As an aside, the last entry is an especially interesting case: it is the first machine-generated research book! The “author” Beta Writer was developed in a joint effort and in collaboration between Springer and researchers from Goethe University, Frankfurt. The book is a cross-corpora auto-summarization of current texts from SpringerLink, organized by means of a similarity-based clustering routine in coherent chapters and sections. It automatically condenses a large set of papers into a reasonably short book. More technical details of this fascinating endeavor, with the potential to revolutionize scientific publishing, can be found in the preface of the book.

By clicking on the link you will directly be directed to the respective book page, where you can download the pdf and in most cases also an epub file (bonus tip: in most cases you can also download a free version of the book for your kindle on amazon.com). To get clickable links you need to render an HTML markdown document.
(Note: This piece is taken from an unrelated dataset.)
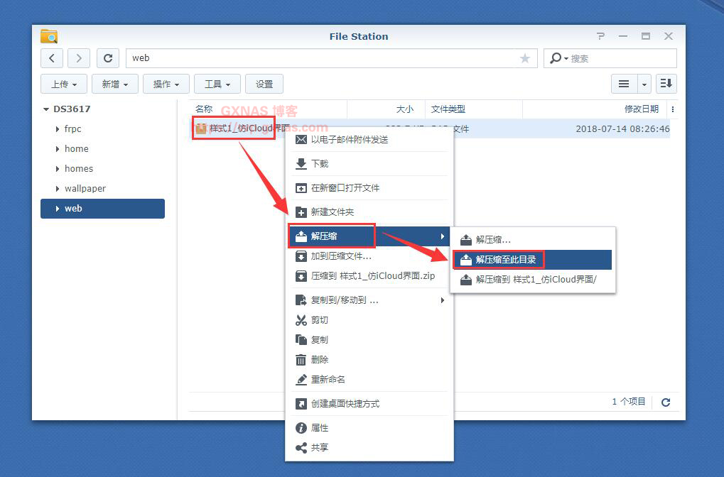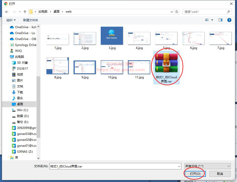 本教程以架设“样式1_仿iCloud界面”为例,架设后的效果详见:https://test.gxnas.com:1443/1_icloud/

Otherwise, if you run it in RStudio directly you will have to copy and paste the links into your browser.

You just have to run the script from time to time to see what is new!

If you want to customize the data retrieved from link.springer.com have a look at their search interface:

You can customize your search by changing the values in the blue boxes. To get the URL which you can paste in the read.csv function above just right click on the button with the down arrow at the upper right corner (marked by the blue arrow) and choose “Copy link address” in the context menu.

In case you want to completely reset the database you can use the following function (with care):

# function for resetting the springer database
reset_springer_db <- function() {
springer_db <- dbConnect(RSQLite::SQLite(), "my-db.sqlite")
dbRemoveTable(springer_db, "search")
dbDisconnect(springer_db)
}


One small thing: although I tried my very best there still seems to be an issue with the encoding… some special characters, like the German umlauts äöüÄÖÜ, are just not rendered. If you have a solution for me please leave it in the comments and I will add it to the post (or perhaps even write a post on the issues of encoding in R, RStudio and Windows).